>In my opinion, quantitative measurement is highly useful in the >physical world: [...stuff deleted...] Unfortunately, human behavior >bears very little reliable resemblance to buying carpet or brewing >beer. Education is not a product. Learning is very difficult, if not >impossible, to quantify in a way that I find useful. Why? Because in >the context of education, what would be useful would be to find the >replicable conditions, measure them to a satisfactory degree of >accuracy, and (this is the kicker) then REPLICATE them.
>But any experienced and reflective teacher will tell you that very little >is replicable in the classroom. Like the ancient Greek philosopher >(Heraclitus?) said, "You can't step into the same river twice." Because >neither you nor the river is the same, I would argue. And thus, it is >impossible to teach the same lesson twice (assuming that so doing were >desirable).
I think this is a misconception of what quantifiable, replicable data ARE. Human biology is unpredictable, ever-changing -- not everyone responds to the same drug or therapy the same, and the even same person may respond differently on different days, depending on a swarm of minor variations in background conditions. This hardly means that quantitative methods may not be applied!
In less exact sciences than medicine, physics or accounting, the nature of quantitative data may be different -- it may take a great many experiments, each with its own noise and error to give the sort of convergence of evidence needed to establish the *general* validity of a hypothesis. But that's hardly the same as saying quantitative evidence shouldn't be sought.
>Numbers will not settle this debate definitively because what we're dealing >with, student learning, is quite nebulous.
I could agree with a weaker statement here, that reasonable people might differ about the objectives of education. So one might argue that a particular quantitative measure doesn't accurately reflect the goals of one's teaching. Note this is different than saying quantitative methods are invalid because every class is different!
But saying that learning is nebulous doesn't quite cut it -- certainly not not when talking about larger groups of students, say a school-district full, or a state-load. What do you expect most people to be able to understand? What do you expect them to be able to DO? What do you expect the *best* students to be able to understand and do? Is there NO way to quantify these things? Everyone's different, sure, and no matter what test you use, some people's scores won't accurately reflect their ability, but still, can nothing specific or measurable be said?
>At some point, for me the educational debate comes down to the fact >that every fiber of my being and experience as a learner and a teacher >tells me that approaches like that of John Saxon to the difficulties >of learning mathematics are a soul-less, quick fix; and that >approaches to mathematics education similar to those of the NCTM >Standards are, while not THE answer, an approach much more in tune >with what makes intellectual pursuits worthwhile and humans as >learners interesting.
OK. Now go and quantify!

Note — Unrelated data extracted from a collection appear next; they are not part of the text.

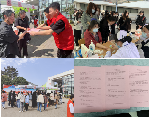 活动当天,医学院分团委邀请了护理专业有护士资格证的同学们前来义诊,活动现场气氛火热,吸引了大批在校师生前来参与。志愿者们分发科普宣传单,为我校师生热心宣传“甲流防疫”、“健康膳食”和“高血压病”相关知识。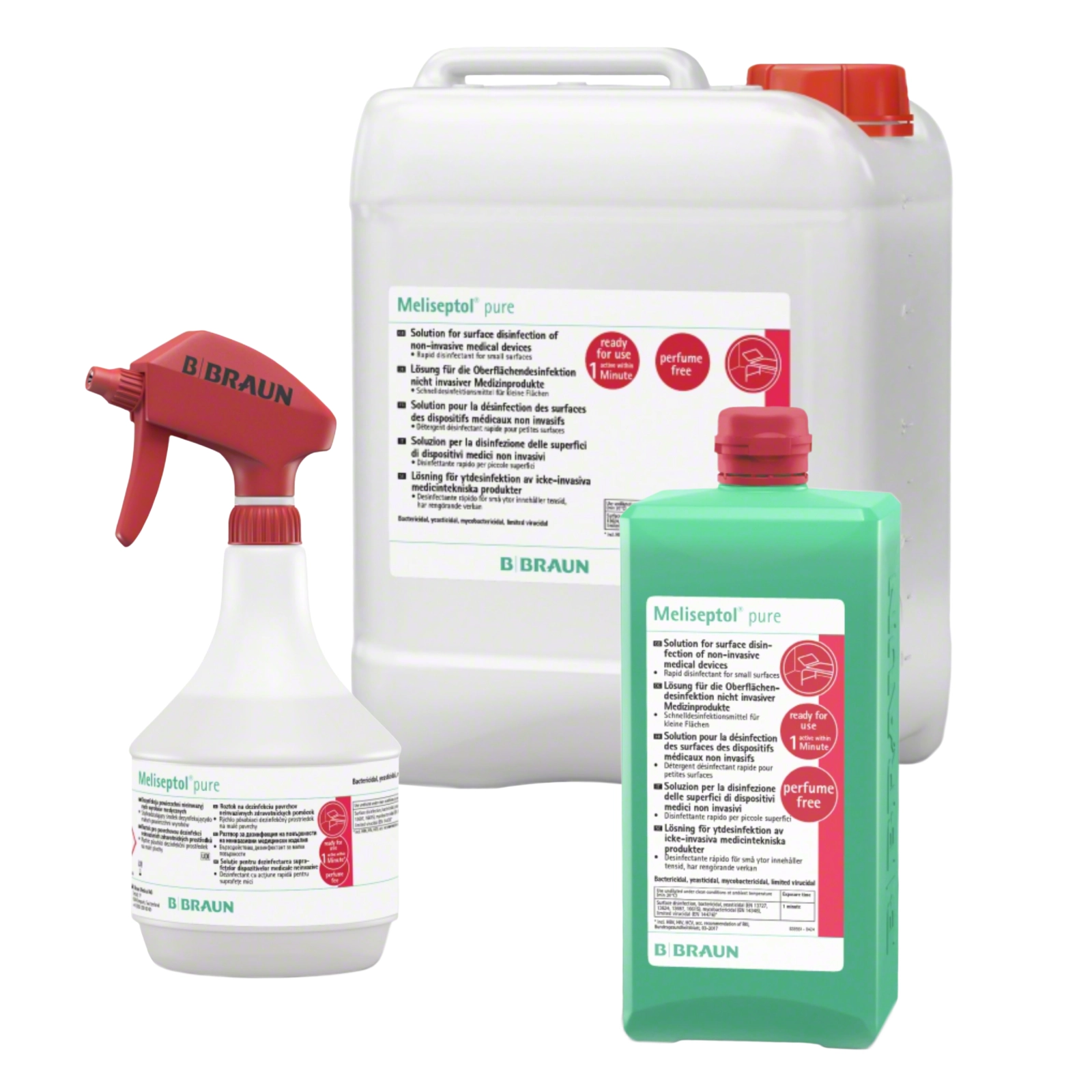 Meliseptol® Pure jest odpowiedni do odkażania wszystkich odpornych na alkohole powierzchni i materiałów. Nadaje się do dezynfekcji urządzeń medycznych i laboratoryjnych, a także sprzętu i narzędzi. Preparat jest gotowy do bezpośredniego użycia. Sprawdzi się do odkażania trudno dostępnych powierzchni. Czas działania wynosi 1 min.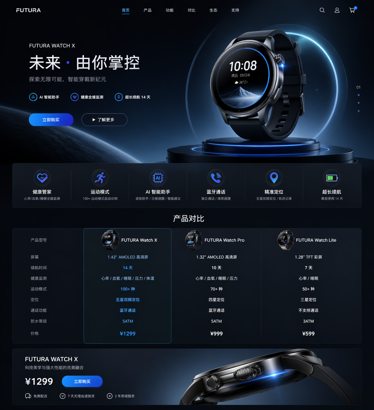 为一款智能手表产品生成符合科技感和未来感的官网UI设计稿,包含产品展示区、功能介绍、参数对比、购买入口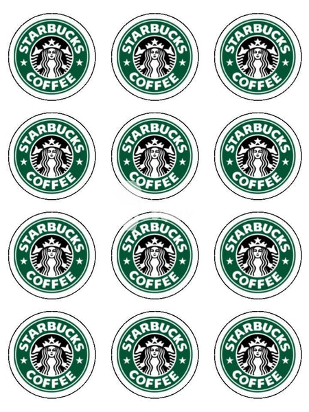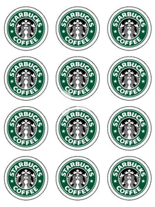 Decorate your Cupcakes with these 12 Count Starbucks Coffee themed Edible Cupcake Topper Images featuring the Starbucks Logo!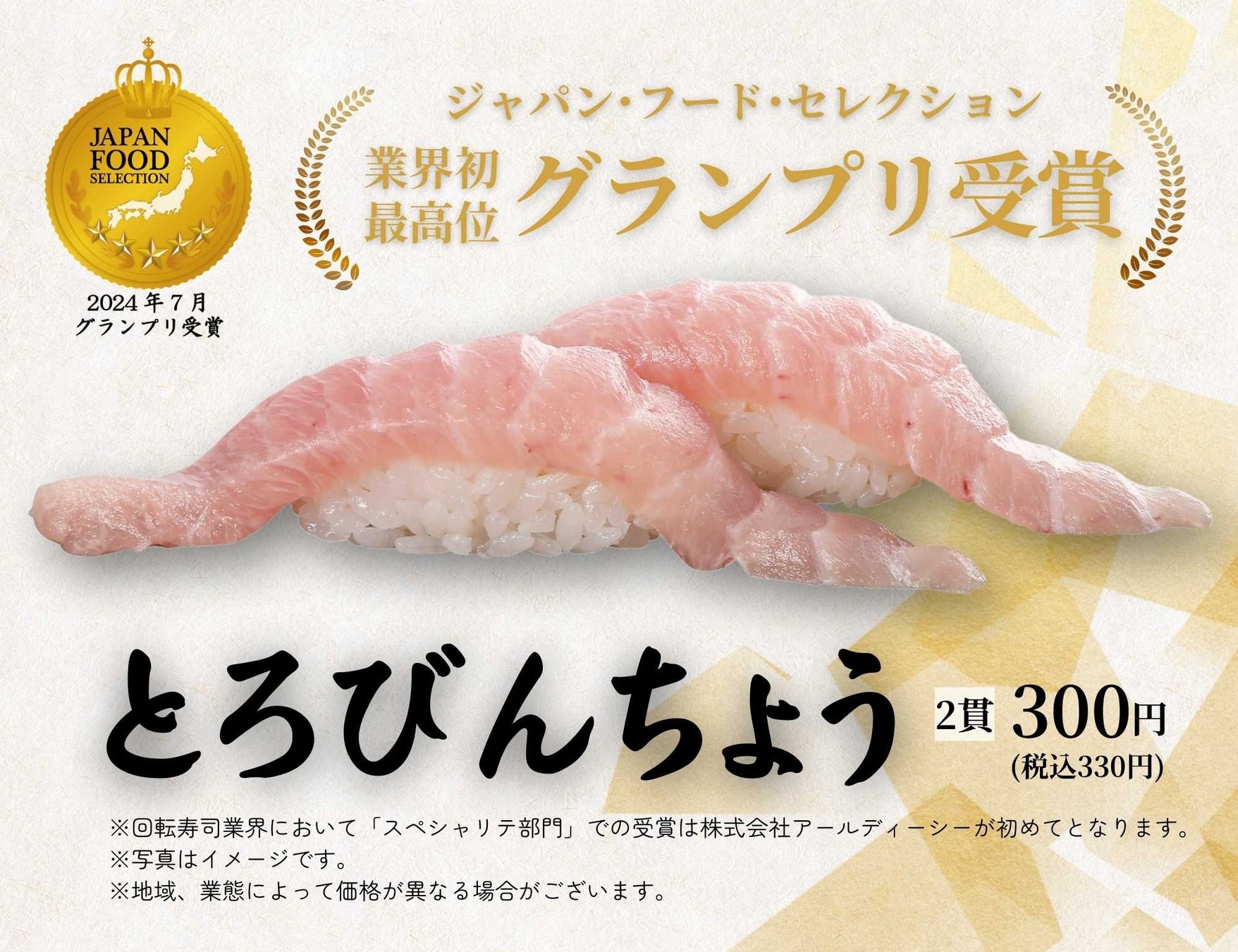 株式会社アールディーシー(代表取締役社長:大島敏彦 本社:埼玉県熊谷市)が運営する、グルメ回転寿司「がってん寿司」が定番メニューとして販売している「とろびんちょう」が、この度、一般社団法人日本フードアナリスト協会(東京都千代田区)が主催する「ジャパン・フード・セレクション」の「スペシャリテ部門(2024年7月)」において、最高位であるグランプリを受賞しました。スペシャリテ部門での受賞は、回転寿司業界で初めてとなります。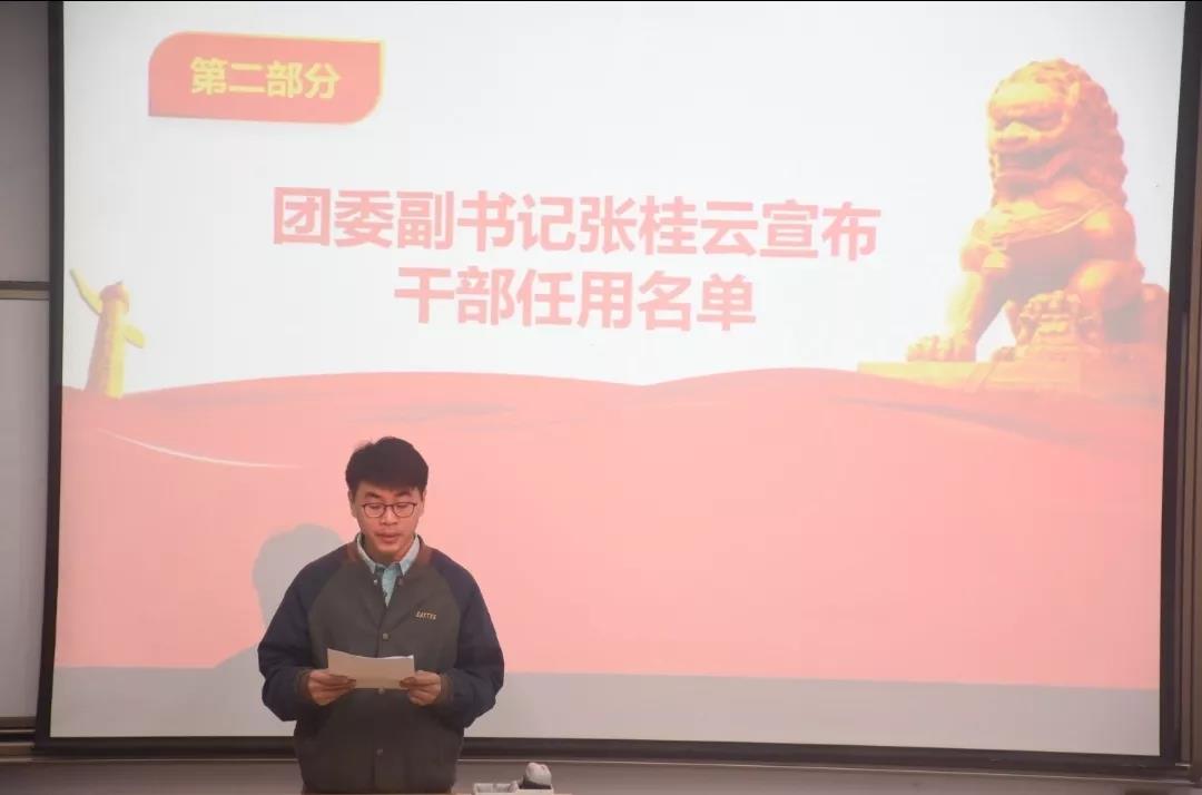 大会第二项,团委副书记张桂云对上一届学生会的工作表示认可并欢迎了2018级学生会新成员的加入,并宣读了学生会主席团及各部门干部干事的任用名单。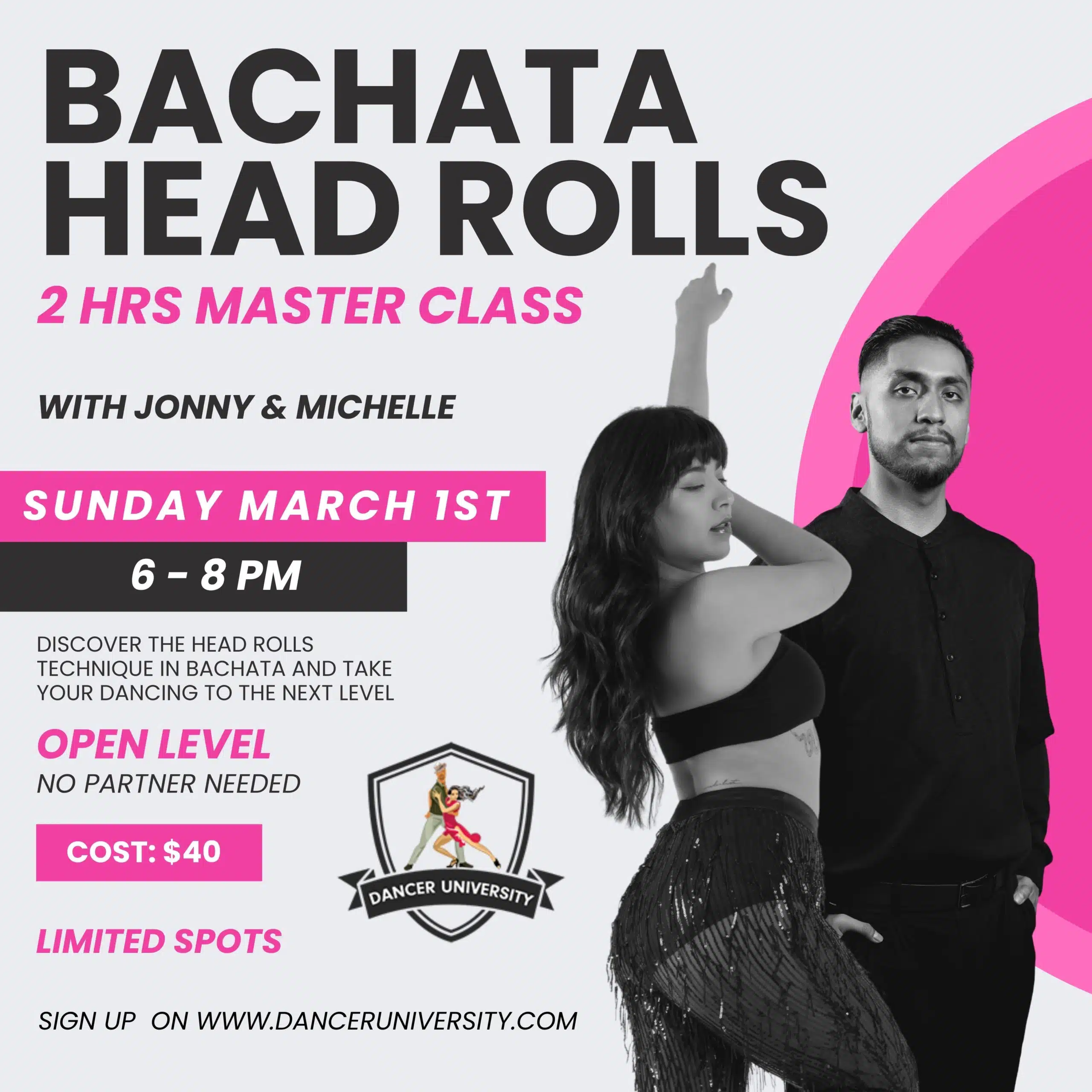 - 6:00 PM – 8:00 PMBachata Head Rolls Masterclass with Jonny & MichelleLocation: Westwood StudioInstructor: Jonny & Michelle

Part of the beauty of mathematics and statistics (and I shouldn't need to tell this to a math teacher!) stems precisely from its ability to get beyond subjective, visceral (fibrous?) feelings. We can sit and argue aesthetics all day; we can point to successes or failures with individual students; we can make analogies between teaching and how Shakespeare wrote his plays, or how a village raises a child, or whatnot. Numeric measures may be biased, or may not measure quite the right quantity, and one may argue about how to improve the measures, or interpret the scores -- but without them, it's all wind.